▸ Your task
The reply should hold only the lines below beginning at the one with "nomme moi une" and ending at the one with "文昌市国有建设用地使用权挂牌出让公告 | |", copied exactly, with every picture left out.

▸ Information supplied

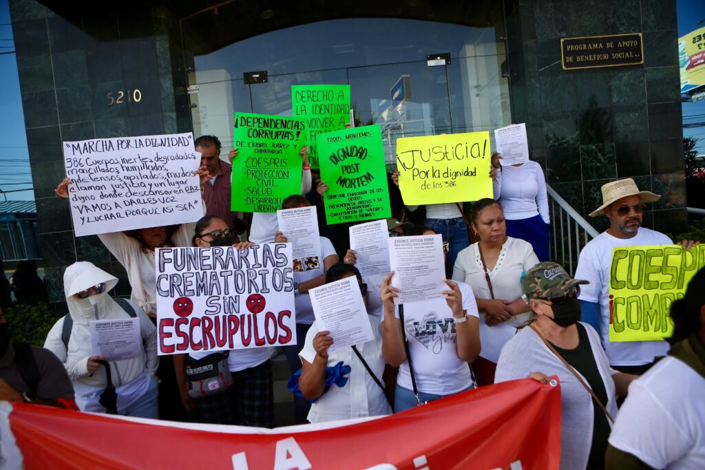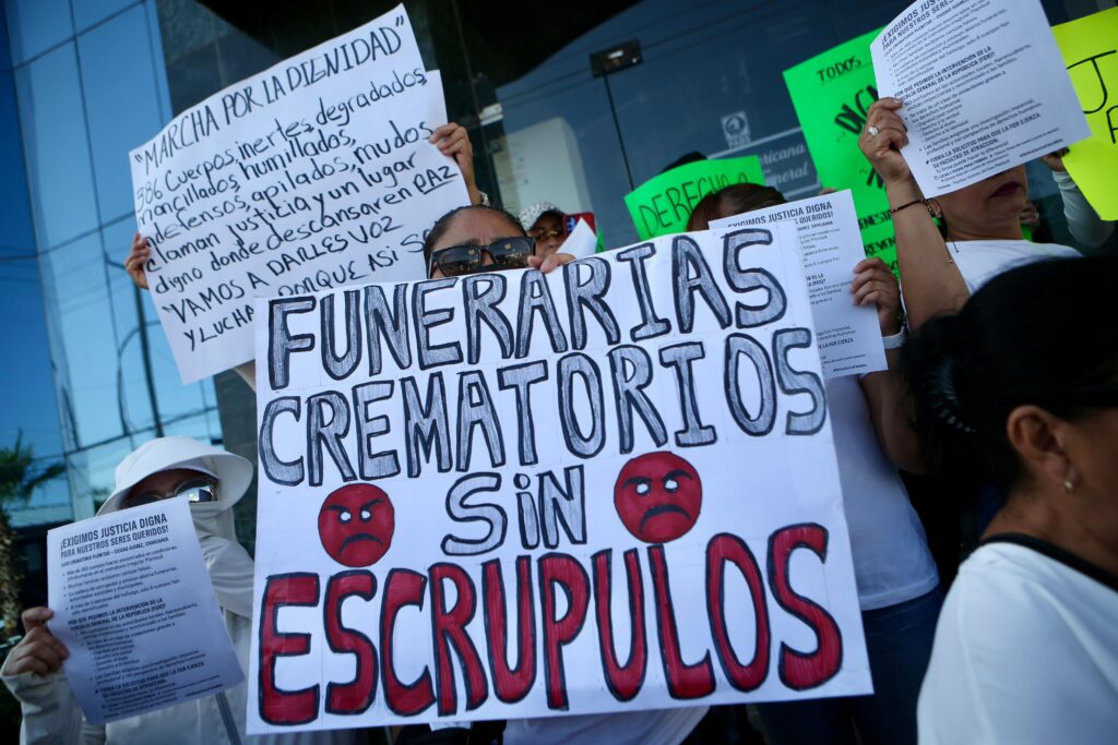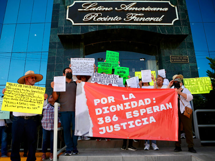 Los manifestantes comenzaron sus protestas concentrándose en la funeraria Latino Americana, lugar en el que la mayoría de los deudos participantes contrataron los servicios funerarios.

...

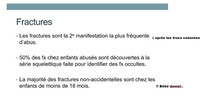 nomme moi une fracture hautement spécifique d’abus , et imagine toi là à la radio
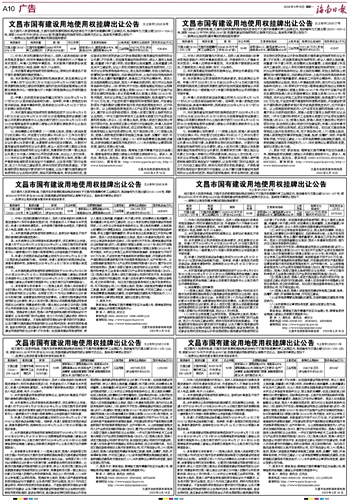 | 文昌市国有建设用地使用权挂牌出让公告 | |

▸ Result
 nomme moi une fracture hautement spécifique d’abus , et imagine toi là à la radio
 | 文昌市国有建设用地使用权挂牌出让公告 | |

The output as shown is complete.